El rapero también recordó con entusiasmo sus visitas anteriores al país y la respuesta del público costarricense.
“Las veces que fui a tocar allá me sorprendió muchísimo la cantidad de gente que asistió; no sabía que había tantas personas escuchando mi música en Costa Rica”, comentó.
Ahora espera que el público se apropie de las nuevas canciones y convierta cada fecha en una conversación colectiva entre el escenario y la audiencia.
“Quiero abrir esta experiencia y ver qué pasa: con cuáles canciones saltan, con cuáles se emocionan y cuáles cantan”, expresó.
El consejo para su yo niño
Al mirar hacia sus inicios en las plazas de rap, Trueno dice que no cambiaría nada. Para él, cada paso —incluso los momentos de duda— fue necesario para llegar hasta aquí.
“Si volviera al pasado, no movería ni una taza para que todo pase igual”, afirmó entre risas.
El artista recuerda que, al inicio, su forma de vestir, la música que escuchaba y el sueño que perseguía podían hacerlo sentir como “el bicho raro”. Sin embargo, aprendió que ser diferente también puede ser una apuesta poderosa.

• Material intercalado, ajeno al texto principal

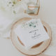 Kompilera din klassiska bröllop-händelse med guld grönt löv-kalligrafi-napkins från bröllop. Konstruktionen har elegant vattenfärgsgrönt och guld eucalyptus löv.
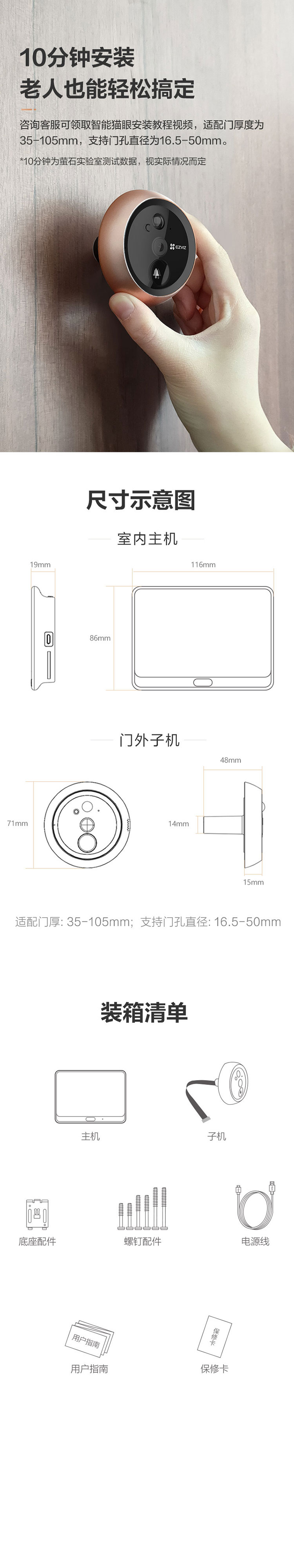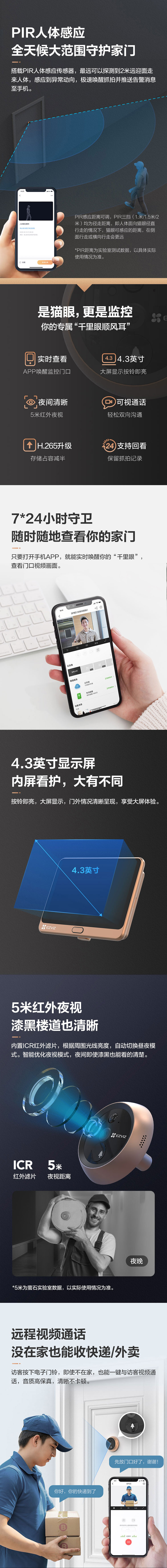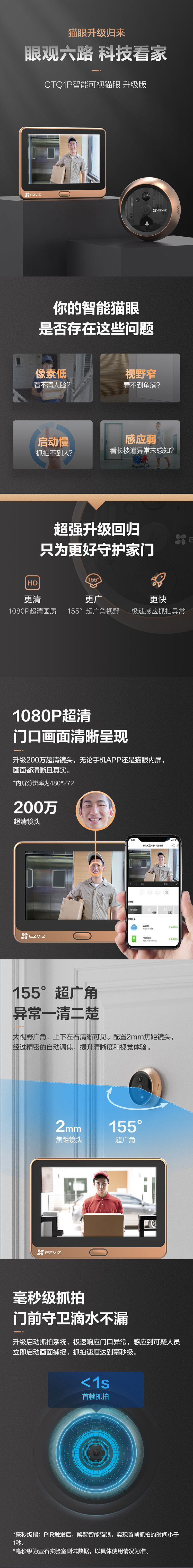 萤石EZVIZ室内200万像素智能电子猫眼CTQ1P 香槟色
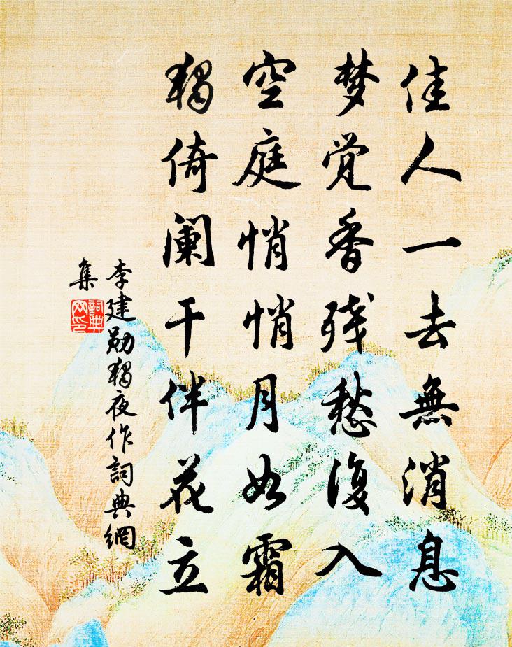 - 織錦相思樓影下,鈿釵暗約小簾間。吳文英《新雁過妝樓·中秋後一夕李方庵月庭延客命小妓過新水令坐間賦詞》
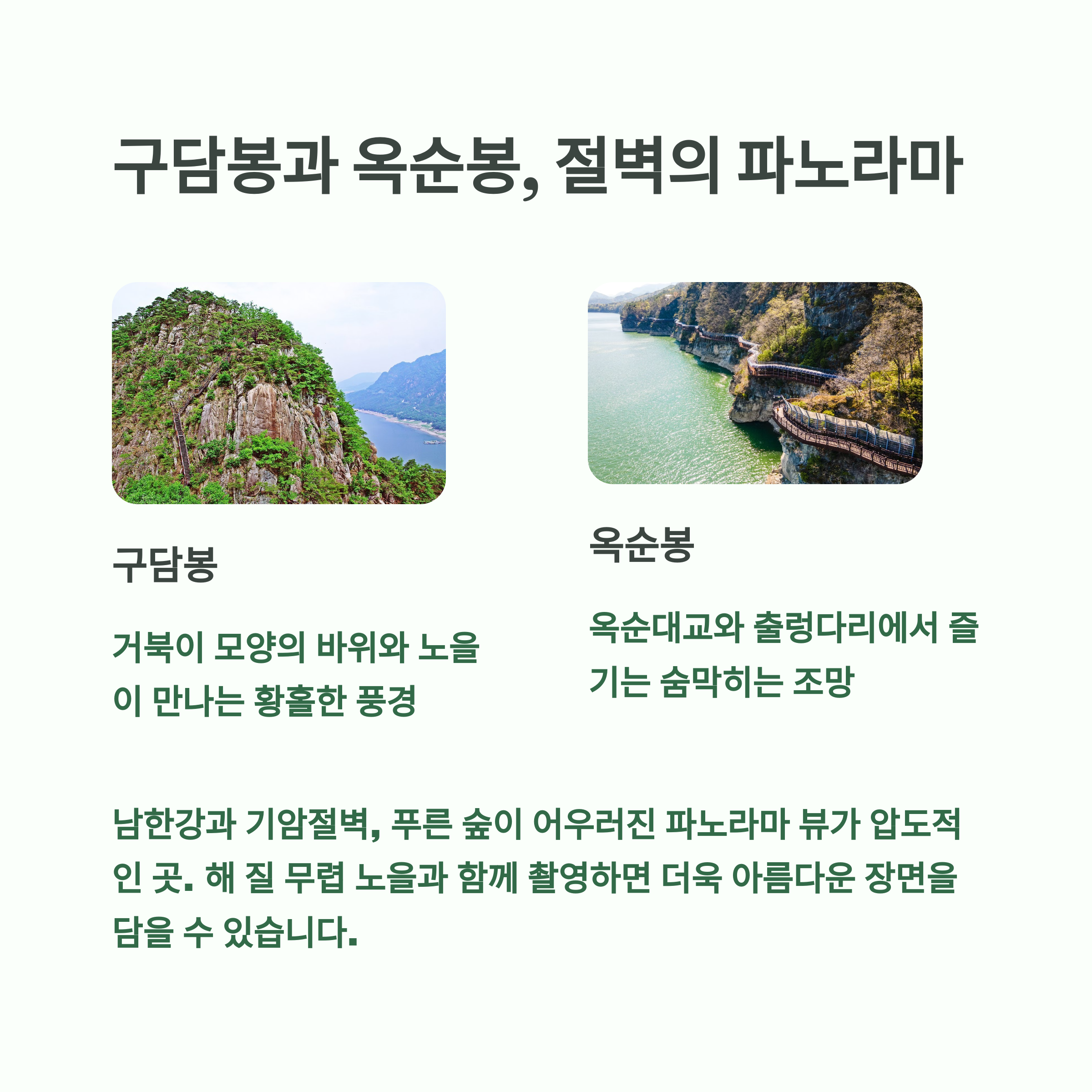 구담봉과 옥순봉은 깎아지른 절벽과 남한강 풍경이 어우러진 파노라마 뷰가 매력적인 곳이에요. 트레킹을 통해 봉우리 정상에 오르면 절벽 아래 흐르는 강과 푸른 숲이 한눈에 펼쳐지며, 특히 노을이 질 무렵 촬영하면 더욱 아름답고 몽환적인 분위기가 연출됩니다. 가을 단풍철과 봄철 연두빛 숲도 놓칠 수 없는 포인트입니다.
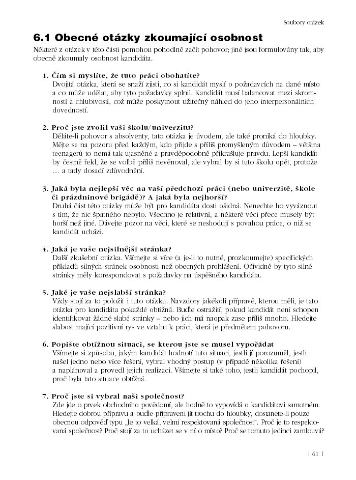 Kniha rovněž obsahuje sérii „šokových“ otázek na důkladné prověření kandidátových silných stránek.

“Hay que bancarse al principio ser diferente, ser el que nadie entiende, el que se viste diferente y escucha otra música. Pero es una apuesta también”, señaló.
A ese Mateo que comenzaba a rimar, le daría un consejo sencillo, pero contundente: “Que confíe, que sea disciplinado y que se cuide; eso es muy importante”.
El 1.º de noviembre, Costa Rica volverá a recibir a Trueno: un artista que convirtió las rimas de plaza en himnos de multitud, que lleva el barrio como brújula y que promete descargar una noche de flows, dobles tempos y estilo sobre el escenario.
Las entradas para ver al argentino están disponibles en Eventcr.com. Aunque una de las localidades ya está agotada, aún quedan boletos con precios entre $53 y $71.